Étude méthodique de l'efficacité et de l'innocuité du raloxifène dans la prévention primaire ou secondaire des fractures ostéoporotiques en postménopause
Appellation de la technologie
Raloxifène (Evista®)
Maladie/trouble
L’ostéoporose est une maladie caractérisée par une perte de masse osseuse progressive. Elle entraîne la fragilisation osseuse, propice aux fractures. Chez la femme, les fractures ostéoporotiques des vertèbres peuvent causer de la dorsalgie, détériorer la qualité de vie et accroître le risque d’autres fractures vertébrales.

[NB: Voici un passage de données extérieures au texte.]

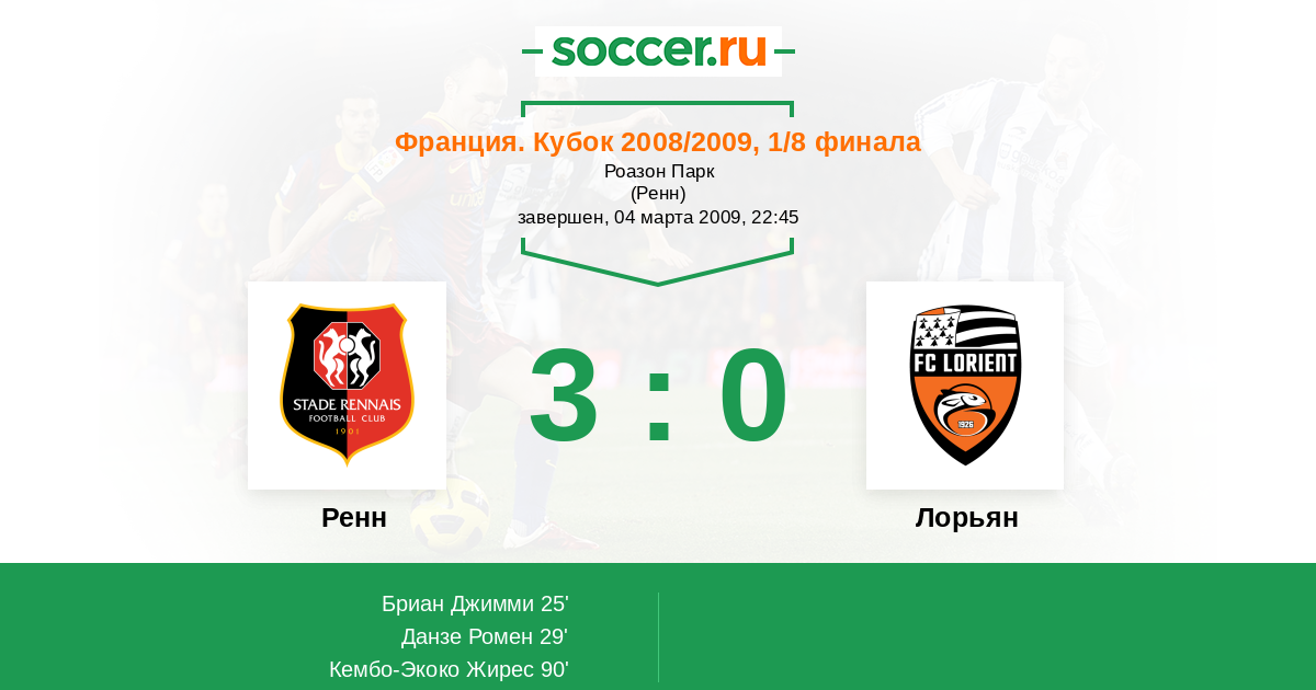 Протокол матча Ренн против Лорьян
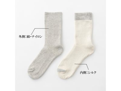 【極暖シルク靴下】なんと「足元温度8.4上昇」! 1枚で2枚分の暖かさを実感できる靴下。内側のシルクが「足汗」を吸って「極暖シルク」を発熱させ、外側の綿で保温します

Description de la technologie
Le raloxifène est un modulateur sélectif des récepteurs aux œstrogènes (selective estrogen receptor modulator ou SERM). D’usage autorisé au Canada depuis 1999 dans la prévention de l’ostéoporose après la ménopause, le raloxifène ne peut corriger une difformité vertébrale existante, ni guérir une fracture; il est plutôt utilisé pour prévenir des fractures subséquentes ou retarder le remodelage osseux.
Le Sujet
Au fil du vieillissement de la population canadienne, les fractures vertébrales seront de plus en plus courantes. Il s’avère donc nécessaire d’évaluer l’efficacité et l’innocuité du raloxifène par rapport à d’autres médicaments approuvés dans la prévention de l’ostéoporose.
Objectifs de l’évaluation
Évaluer méthodiquement, par la méta analyse le cas échéant, l’efficacité et l’innocuité du raloxifène dans la prévention des fractures vertébrales ostéoporotiques en postménopause.
Comparer le raloxifène au placebo et à d’autres médicaments, notamment les œstrogènes seuls chez la femme ayant subi une hystérectomie, la combinaison d’œstrogène et de progestérone, les bisphosphonates (alendronate, risédronate et étidronate) et la calcitonine de saumon.
Méthodes
Les essais cliniques contrôlés et randomisés évaluant l’innocuité et l’efficacité du raloxifène après la ménopause ont été recensés par une recherche documentaire exhaustive. La fracture vertébrale représente le principal paramètre d’intérêt, cependant que la densité minérale osseuse constitue le paramètre d’intérêt secondaire. L’étude couvre 17 essais cliniques conformes aux critères de sélection.
Conclusions
Le raloxifène ne modifie pas l’incidence des fractures non vertébrales, comme la fracture de la hanche.
En raison de la disparité des essais cliniques, la méta analyse prévue pour comparer l’efficacité du raloxifène à celle d’autres médicaments utilisés dans la prévention de l’ostéoporose a été impossible.
Par rapport au placebo, le raloxifène a pour principal effet bénéfique clinique de réduire les fractures vertébrales chez la femme âgée en postménopause, particulièrement lorsque des fractures vertébrales sont présentes à l’instauration du traitement.
L’effet bénéfique est assombri par une hausse du même ordre des effets indésirables graves liés à la thromboembolie veineuse.
Le raloxifène cause beaucoup plus d’effets indésirables, de légers à modérés, comme les bouffées de chaleur et les crampes aux jambes,
que le placebo, mais remarquablement moins de saignements vaginaux que la combinaison d’œstrogène et de progestérone.